Старик со старухой занимали верхнюю половину виллы. Мне же они охотно уступили нижнюю, с большой стеклянной верандой, выходящей прямо в сад. У меня была спальня, кабинет и столовая с развешанной по стенам и расставленной на полочках удивительно интересной и богатой коллекцией самых различных стенных, настольных и карманных часов. Коллекция представляла большую ценность, и хотя старики жили в нужде, они ни за какие деньги не соглашались ее продать. Очень часто в свободное от занятий время или после обеда я подолгу просиживал в столовой, слушая тиканье и бой этих удивительных часов. Многие из них были ручной работы, неизвестных мастеров. Особенно мне запомнились одни — карманные часы. Иоганн Штрамер купил их у раненого солдата еще в прошлую войну: весь тончайший механизм этих часов был выполнен солдатом крохотным напильником в окопе.
Как-то после обеда фрау Мариана принесла мне визитную карточку некоего мистера Патерсона и сказала, что неизвестный ей американец просит его принять по весьма важному делу.
Вскоре в столовую вошел грузный человек в небрежно надвинутой на затылок шляпе, с огрызком обсосанной сигары во рту, зажав под мышкой кипу обтрепанных книг. Кивком головы он поздоровался со мною, потом бросил на рояль шляпу и книги, вытер платком вспотевшее лицо и долгим оценивающим взглядом уставился на стену, на коллекцию часов... Пожевав сигару, незнакомец выбрал среди книг одну и, перелистывая ее, коверкая русские слова, спросил, на каком из европейских языков, кроме русского, я говорю.
Знаю немецкий.
Я — мистер Патерсон. Америка! — сказал он и ткнул себя пальцем в грудь.
Это я вижу, — сказал я.
Я старый коммерсант, кэптэн... Я изъездил почти весь свет... Бывал и в Китае, и в Индии, и на Азорских островах... Сейчас разъезжаю по Европе, скупаю картины, ценную мебель, антикварные безделушки, фарфор, хрусталь, ковры, драгоценности, немецкую оптику...

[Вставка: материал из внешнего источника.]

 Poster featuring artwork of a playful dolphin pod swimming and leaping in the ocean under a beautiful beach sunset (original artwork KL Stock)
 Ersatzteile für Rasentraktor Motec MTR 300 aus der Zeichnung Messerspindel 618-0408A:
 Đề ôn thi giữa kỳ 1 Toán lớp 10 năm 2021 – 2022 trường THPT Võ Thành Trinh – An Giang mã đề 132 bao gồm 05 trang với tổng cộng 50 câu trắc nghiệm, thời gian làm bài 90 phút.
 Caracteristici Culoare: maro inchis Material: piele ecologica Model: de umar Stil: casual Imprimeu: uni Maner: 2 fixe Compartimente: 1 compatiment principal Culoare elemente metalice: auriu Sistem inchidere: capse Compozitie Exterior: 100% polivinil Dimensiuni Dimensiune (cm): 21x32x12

При чем же здесь я, советский офицер? Кто вас послал сюда?..
— Я пришел купить коллекцию часов, кэптэн. Сколько вы просите за нее?
Я рассмеялся.
Может быть, вам продать и виллу?
Да нет же, кэптэн, на кой черт она мне сдалась. — Американец подошел к стенным часам «кукушке», те как раз в это время прокуковали, потом — к настольным часам, те весело прозвенели, потом — к другим... В столовой стоял почти что не прекращающийся звон, писк, гудели рожки и звенели невидимые колокольчики. Было двенадцать часов дня.
Восхищенный, не отрывая взгляда от часов, мистер Патерсон сказал:
Я могу вам заплатить австрийскими шиллингами, мадьярскими пенго, немецкими марками, итальянскими и турецкими лирами, английскими фунтами. В крайнем случае — американскими долларами. Я покупаю все — от иголки до самолета, от патента на изобретение — до любых коллекций картин, старых книг, часов...

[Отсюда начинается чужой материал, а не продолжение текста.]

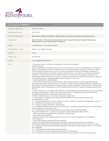 Numer ogłoszenia: 13026174 A RCHI WA L N E Kategoria ogłoszenia: przetarg - Polska Data dodania oferty: 2017-01-25 Przedmiot ogłoszenia: Wariantowe studium analityczne efektywności ekonomicznej składów wielofunkcyjnych Organizator: Skarb Państwa - Państwowe Gospodarstwo Leśne Lasy Państwowe Ośrodek RozwojowoWdrożeniowy Lasów Państwowych w Bedoniu Adres: ul. Sienkiewicza 19, 95-020 Andrespol Województwo / powiat: łódzkie, pow. łódzki wschodni Państwo: Polska Telefon / fax: 695 359 260 E-mail: Opis: [email protected] ,,Wariantowe studium analityczne efektywności ekonomicznej składów wielofunkcyjnych" wraz ze wskazaniem ekspertów wyznaczonych do opracowania studium i przedstawienia ich biogramów. Niniejsze zaproszenie do złożenia oferty cenowej nie stanowi elementu procedury opisanej w ustawie Prawo zamówień publicznych, ani nie ma na celu oszacowania wartości zamówienia, służącego do wszczęcia takiej procedury. Niniejsze zapytanie ofertowe służy rozeznaniu cen rynkowych przedmiotu zapytania i nie jest zaproszeniem do złożenia oferty w rozumieniu art. 66 Kodeksu cywilnego i nie zobowiązuje nadawcy do zawarcia umowy. Po dokonaniu rozeznania i podjęcia decyzji przez nadawcę o woli zawarcia umowy, nadawca podejmie osobne czynności w tym celu. I. OPIS PRZEDMIOTU ZAMÓWIENIA 1. Przedmiotem zamówienia jest opracowane ,,Wariantowego studium analitycznego efektywności ekonomicznej składów wielofunkcyjnych" do projektu ,,Drewno dla samowystarczalności energetycznej samorządów oraz bezpieczeństwa energetycznego państwa" zgodnego z Zarządzeniem nr 46 Dyrektora Generalnego Lasów Państwowych z dnia 24 października 2016 roku w sprawie sprzedaży drewna przez PGL LP. 2. Celem studium jest w szczególności ustalenie ceny jednostkowej sprzedaży biomasy leśnej, przy której realizacja przedsięwzięcia ,,Drewno dla samowystarczalności energetycznej oraz bezpieczeństwa energetycznego państwa" będzie efektywna ekonomicznie. 3. Studium zawierać musi, co najmniej, następujące zagadnienia: 3.1. Opracowanie wariantowej metodologii liczenia efektywności ekonomicznej i finansowej przedsięwzięcia, a w tym: 3.1.1. Sposób identyfikacji i liczenia nakładów, kosztów i korzyści z realizacji przedsięwzięcia przez LP; 3.1.2. Efektywność ekonomiczną i finansową; 3.1.3. Koszty i korzyści policzalne i niepoliczalne; 3.1.4. Określenie efektywności ekonomicznej możliwych wariantów przetwarzania biomasy leśnej (zrębki, pellet, bioalkohol, gaz pirolityczny itp.); 3.1.5. Zastosowanie rachunku dyskontowego, prolongacyjnego i kapitalizacyjnego. Przy ocenie efektywności , o której mowa powyżej, należy uwzględnić między innymi : - nakłady poniesione na założenie sieci składów w funkcji czasu, - okres użytkowania składów, - całkowite roczne koszty działań o których mowa w par. 72 pkt 3 Zarządzenia nr 46 Dyrektora Generalnego LP, - roczną ilość biomasy przewidywaną do sprzedaży, - wartość akumulacji węgla organicznego, zawartego w drewnie zgromadzonym na składach. Pełna ocena efektywności przedsięwzięcia wymaga zastosowania metody analizy kosztów i korzyści. 3.2. Prezentacja proponowanej metodyki odpowiednim jednostkom organizacyjnym PGL LP (co najmniej dwa spotkania); 3.2.1. Zatwierdzenie metodyki przez zleceniodawcę; 3.2.2. Wyliczenie wariantów efektywności ekonomicznej i finansowej; 3.2.3. Prezentacja wyników odpowiednim jednostkom organizacyjnym PGL LP (co najmniej dwa spotkania). 4. Wykonawca realizując zlecenie przedstawi zleceniodawcy: 4.1. Wstępny raport zawierający propozycję metodyki liczenia efektywności ekonomicznej i finansowej; 4.2. Końcowy raport metodyczny po odbyciu konsultacji z zamawiającym i uzyskaniu jego akceptacji dla proponowanej metodyki; 4.3. Wstępny raport końcowy zawierający wyliczenie wariantów efektywności ekonomicznej i finansowej; 4.4. Raport końcowy po prezentacji i odbyciu konsultacji z zamawiającym. Miejsce i termin składania ofert: MIEJSCE ORAZ TERMIN SKŁADANIA OFERT Oferty prosimy składać w formie skanu na adres: [email protected] W temacie maila proszę napisać oferta na studium: ,,Wariantowe studium analityczne efektywności ekonomicznej składów wielofunkcyjnych" - BE. Termin składania ofert upływa 31.01.2017 r. o godz. 14:30 Oferty, które wpłyną po terminie nie będą rozpatrywane. Termin składania: 2017-01-31 Miejsce i termin realizacji: TERMIN WYKONANIA ZAMÓWIENIA: Od daty podpisania umowy do 10.03.2017 Wymagania: OPIS SPOSOBU SKŁADANIA OFERT Ofertę należy: - złożyć na formularzu ofertowym - załącznik nr 1 do zapytania ofertowego, - opatrzyć pieczątką firmową lub wpisać siedzibę oferenta, adres, numer telefonu, numer NIP, - podpisać czytelnie przez osobę upoważnioną do reprezentowania firmy, - Wykonawca poda cenę w PLN z dokładnością do dwóch miejsc po przecinku, - podana cena musi zawierać wszystkie koszty związane z realizacją zamówienia, - oświadczenie, że zamówienie będzie wykonane zgodnie z założeniami Zamawiającego, określonymi w zapytaniu ofertowym, - oświadczenie, że Wykonawca zapoznał się z treścią ogłoszenia i formularza ofertowego i w pełni je akceptuje. TERMIN ZWIĄZANIA OFERTĄ Wykonawca pozostaje związany ofertą przez okres 30 dni, przy czym bieg terminu związania ofertą rozpoczyna się wraz z upływem terminu składania ofert. Po wyborze oferty zostanie podpisana stosowna umowa. SPOSÓB WYBORU OFERTY Po otrzymaniu ofert Zamawiający wybierze najbardziej korzystną ofertę według następujących kryteriów: 1. Kompetencje oferenta odnośnie zagadnień ekonomicznych w tym zastosowania metody AKK 0-3 pkt. 2. Kompetencje oferenta odnośnie gospodarki leśnej 0-3 pkt. 3. Cena ofertowa 0-4 pkt. Za ofertę najkorzystniejszą uznana zostanie oferta, która otrzyma największą liczbę punktów. Kontakt: OSOBA DO KONTAKTU: Osobą do kontaktu w sprawie przedmiotu zamówienia jest: Jacek Jancel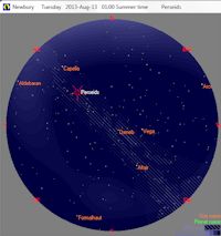 However, this assumes the radiant is overhead. Unfortunately the lower the radiant is the fewer meteors will pass through the visible area of sky. For the Perseids, at midnight in the UK, the radiant is only 45 degrees up so this reduces the likely rate to about 70 meteors per hour - even under the darkest skies.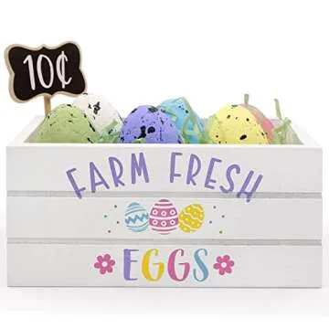 Show moreIntroducing the **Huray Rayho Easter Mini Wood Crate Set**, the perfect addition to your springtime decor! This delightful set features a rustic wooden crate, beautifully designed with a vintage "Farm Fresh Eggs" sign, and a collection of vibrant, speckled Easter eggs. Crafted from high-quality wood and lightweight foam, this set combines durability with charm, making it not only a stylish decoration but also a versatile centerpiece for your home. The vivid spring colors of blue, yellow, purple, green, and white will brighten any space, adding a festive touch to your Easter celebrations and beyond.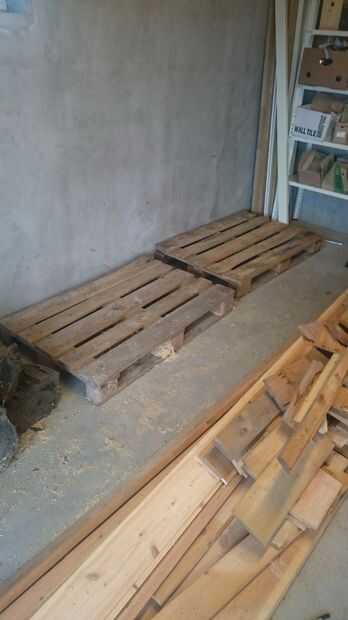 Comenzamos con dos palets. Usted puede utilizar más de dos si tienes habitación para él o para un estante más pequeño.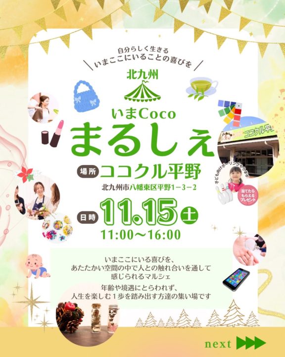 11月15日(土)の第3土曜日、お昼は定例のくるくるスペースparty.(家系図教室や鑑定ブース)に加えて初の企画 いまCOCOマルシェが開催されます。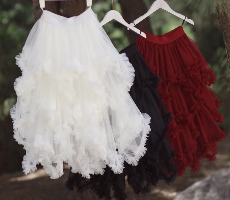 Women Hi-lo Tulle Skirt Holiday Outfit High Waisted Tiered Tulle Skirt Black White Wine Red Tulle Tutu Outfit Custom Romantic Party Tulle Skirt Wedding Outfit, Tiered Mesh Skirt Ballet Skirt. Bridesmaid Tulle Skirt Outfit. High Waisted, A-line, Custom Plus Size available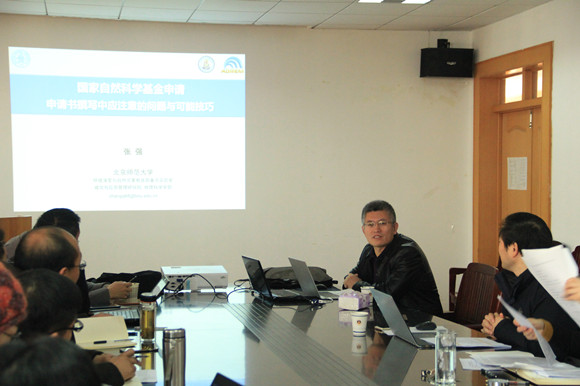 1月11日上午,校特聘教授、北师大张强教授,科研处自然科学管理科汪小丽老师应邀来beat365就2018年度国家自然科学基金项目申报工作进行交流指导。学院部分领导、符合基金申报条件的教师参加了申报辅导会。

Коллекция часов принадлежит Иоганну Штрамеру, как и все здесь находящееся. Вам куда удобнее было бы с подобным предложением обратиться прямо к нему или к фрау Мариане, — сказал я.

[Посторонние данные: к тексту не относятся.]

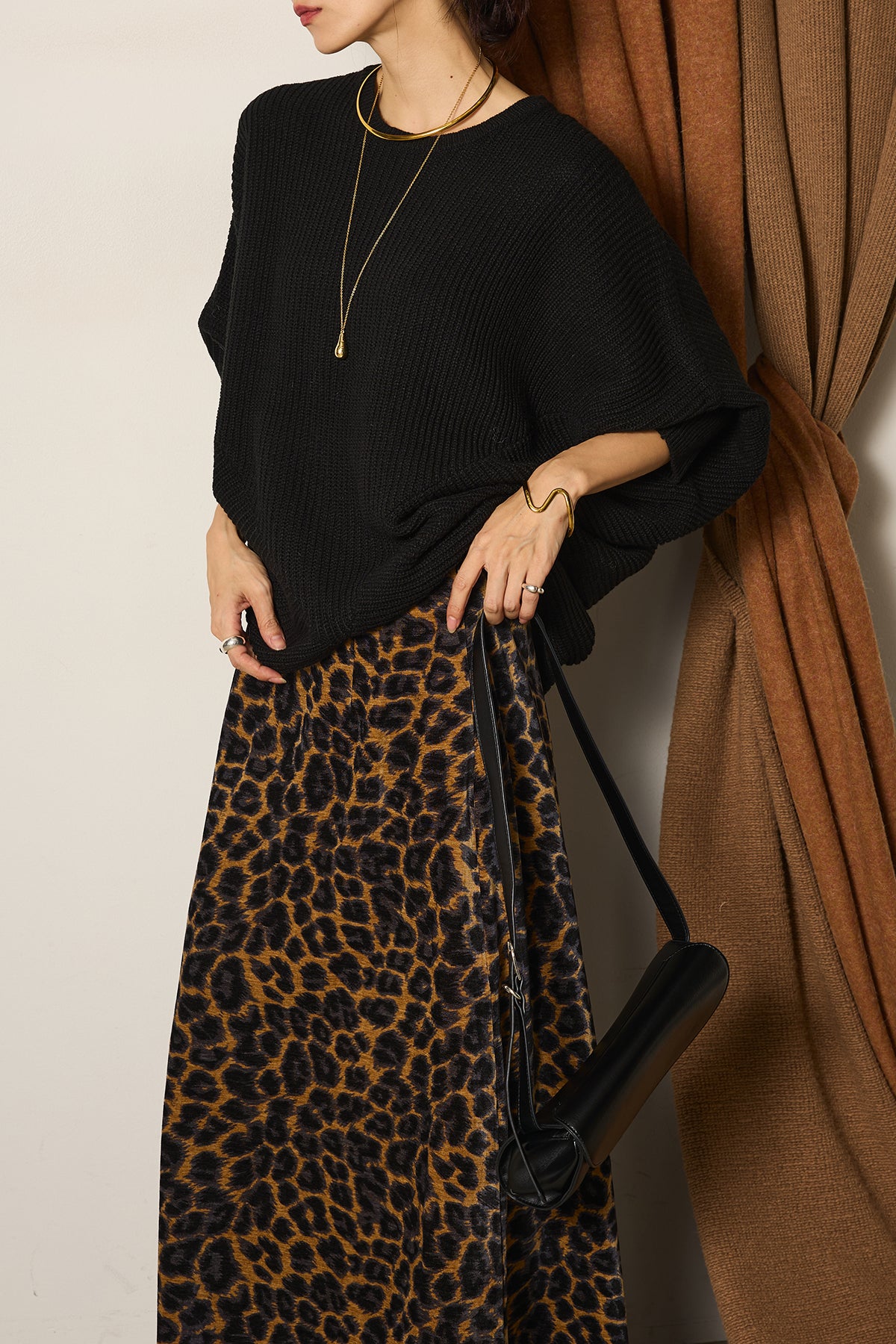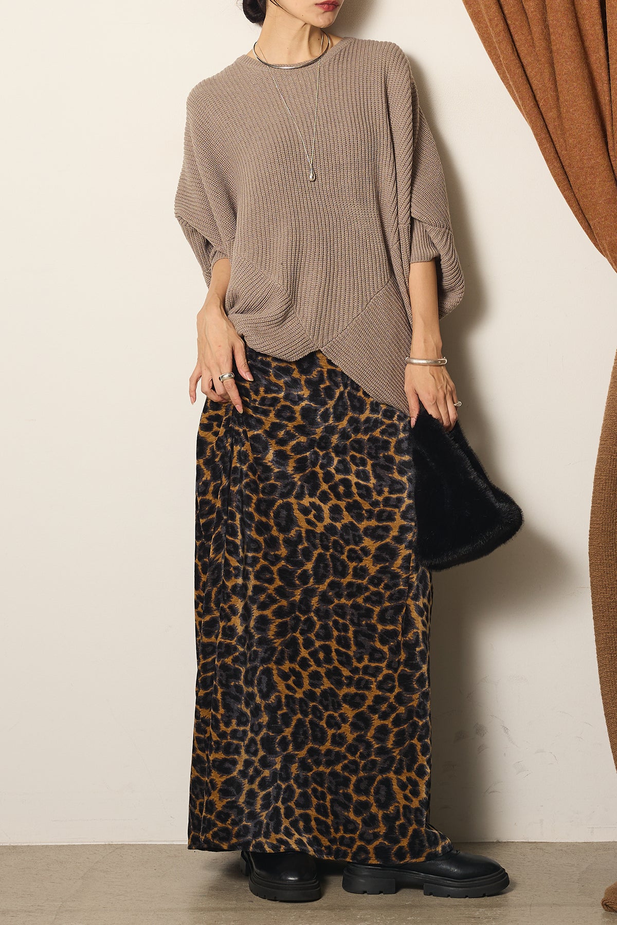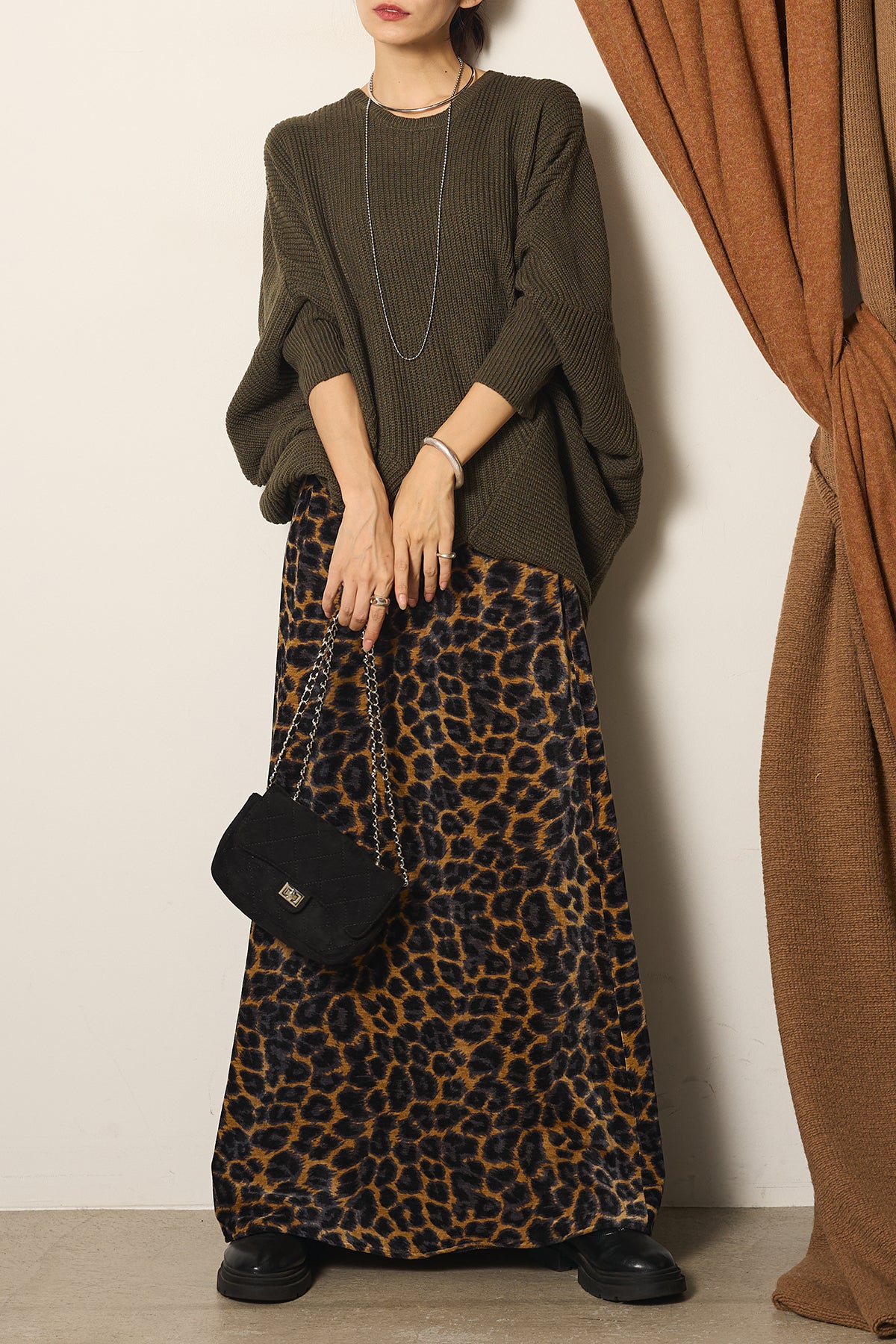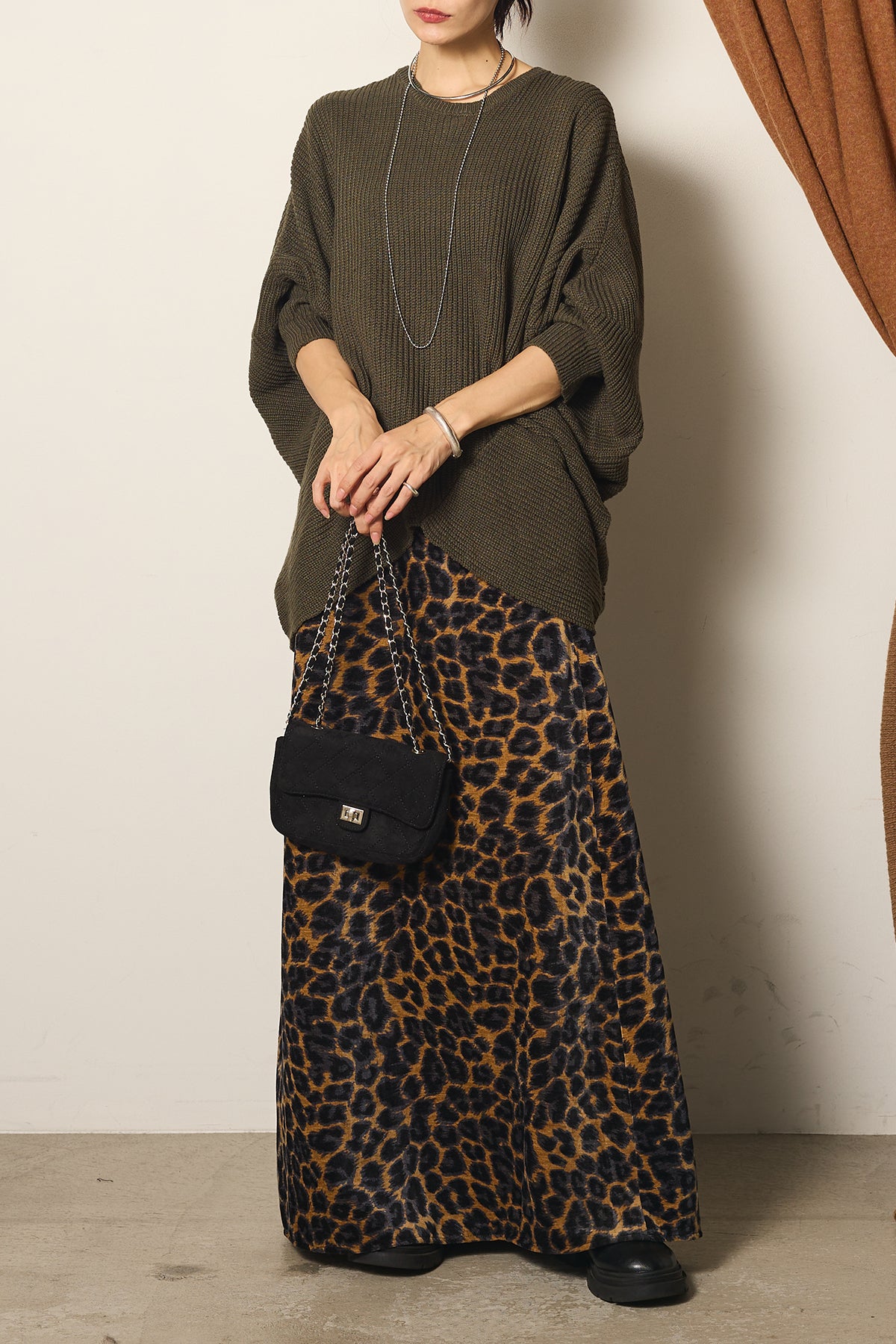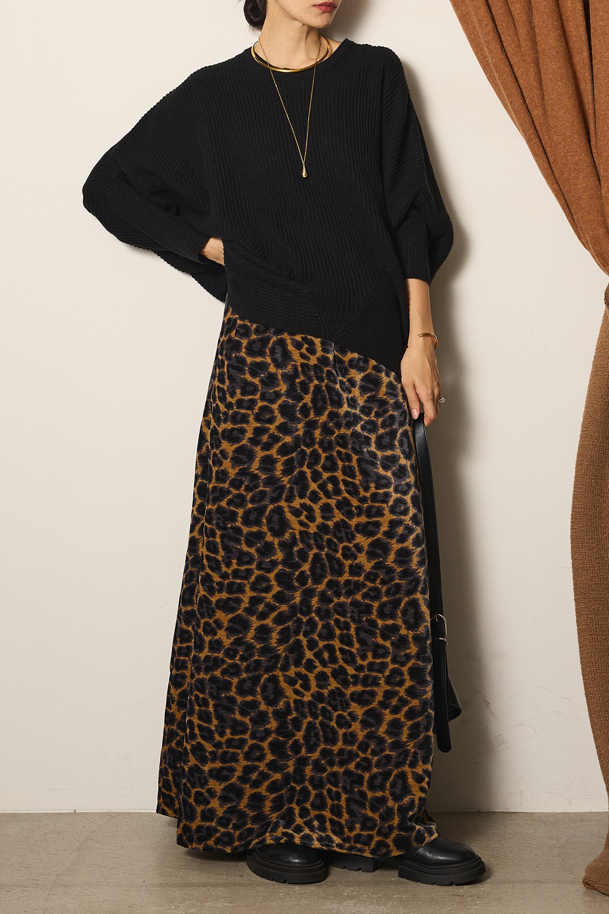 大胆なレオパード柄が目を引くワイドスカート。落ち感のあるシルエットが動くたびに美しいラインを描き、コーディネートにモードな存在感をプラスします。シンプルなトップスと合わせるだけでスタイルが決まり、デイリーから特別なシーンまで幅広く活躍する一枚です。

Американец с тоской в глазах посмотрел на меня.
Но вы же офицер победившей армии!.. При чем здесь какой-то Иоганн Штрамер? К тому же мои ребята наводили справки: он не продает коллекцию.
Ну, тем более!.. Вы здесь не сделаете бизнеса, мистер Патерсон.
Вы это всерьез?
Абсолютно.
Американец усмехнулся, взял шляпу и словари.
Вы даже не представляете себе, кэптэн, как бы сложились у меня дела, живи на этой вилле не вы, а какой-нибудь американский офицер!
Не представляю.
Мистер Патерсон снова положил шляпу и словари на рояль.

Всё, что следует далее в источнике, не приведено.